O projeto dará à região do norte da Baviera sua própria fonte de hidrogênio. Até agora, o gás para clientes finais tinha que percorrer um caminho relativamente longo. O hidrogênio será envasado em cilindros de gás para distribuição local e enviado por caminhão para clientes finais locais e regionais, principalmente na Alta Franconia, Alto Palatinado, sul da Turíngia e Saxônia, bem como na Boêmia Ocidental (República Tcheca). A instalação também ajudará a aliviar gargalos da rede e fornecer flexibilidade para a rede. Um posto de abastecimento público de hidrogênio para caminhões e ônibus pode ser adicionado posteriormente no mesmo local para auxiliar na conversão de tráfego pesado e transporte público em tecnologia de acionamento livre de CO2.

Hidrogênio "verde"

Quando o hidrogênio é produzido a partir da eletrólise da água usando apenas energia de fontes de energia renováveis, ele é conhecido como hidrogênio "verde". Um Silyzer 300 da Siemens Energy será usado em Wunsiedel. A instalação terá alta eficiência com alta densidade de potência, bem como baixa manutenção e operação confiável - sem produtos químicos.
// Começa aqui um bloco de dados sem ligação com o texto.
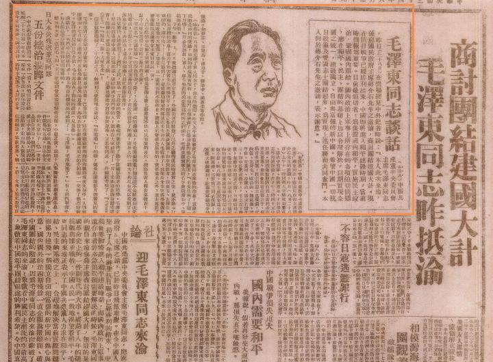 ▲1945年8月29日《新华日报》报道毛泽东来渝参加重庆谈判

Será aplicado o processo de eletrólise PEM, no qual a eletricidade é usada para dividir a água em hidrogênio e oxigênio. O PEM, ou membrana de troca de prótons, permite que os prótons passem, mas interrompe gases como o hidrogênio ou o oxigênio. Em um processo eletrolítico, a membrana funciona como um separador, entre outras coisas, e evita que os gases resultantes se misturem. Em comparação com a eletrólise alcalina tradicional, a tecnologia PEM é ideal para a utilização da eletricidade flutuante eólica e solar devido ao seu método de operação altamente dinâmico.
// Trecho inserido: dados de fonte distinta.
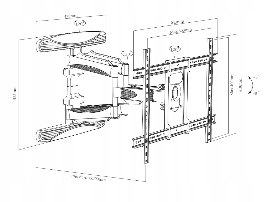 стены, в то время как в то же время дает широкий спектр регулирования. Universality - широкий диапазон стандарта VESA и высокая грузоподъемность делает ручку подходит для большинства современных телевизоров.

"Pela primeira vez, o oxigênio e o calor residual de baixa temperatura gerado durante a produção estão planejados para serem reutilizados por operações industriais próximas. Isso resultará em máxima eficiência energética e em uma instalação única porque todos os fluxos de elementos serão utilizados. Além disso, a eletrólise é um bloco de construção importante para a implementação do ‘WUNsiedeler Weg - energy’, onde tornamos o uso sustentável de energia e proteção climática uma realidade", explicou Marco Krasser, CEO da SWW Wunsiedel GmbH.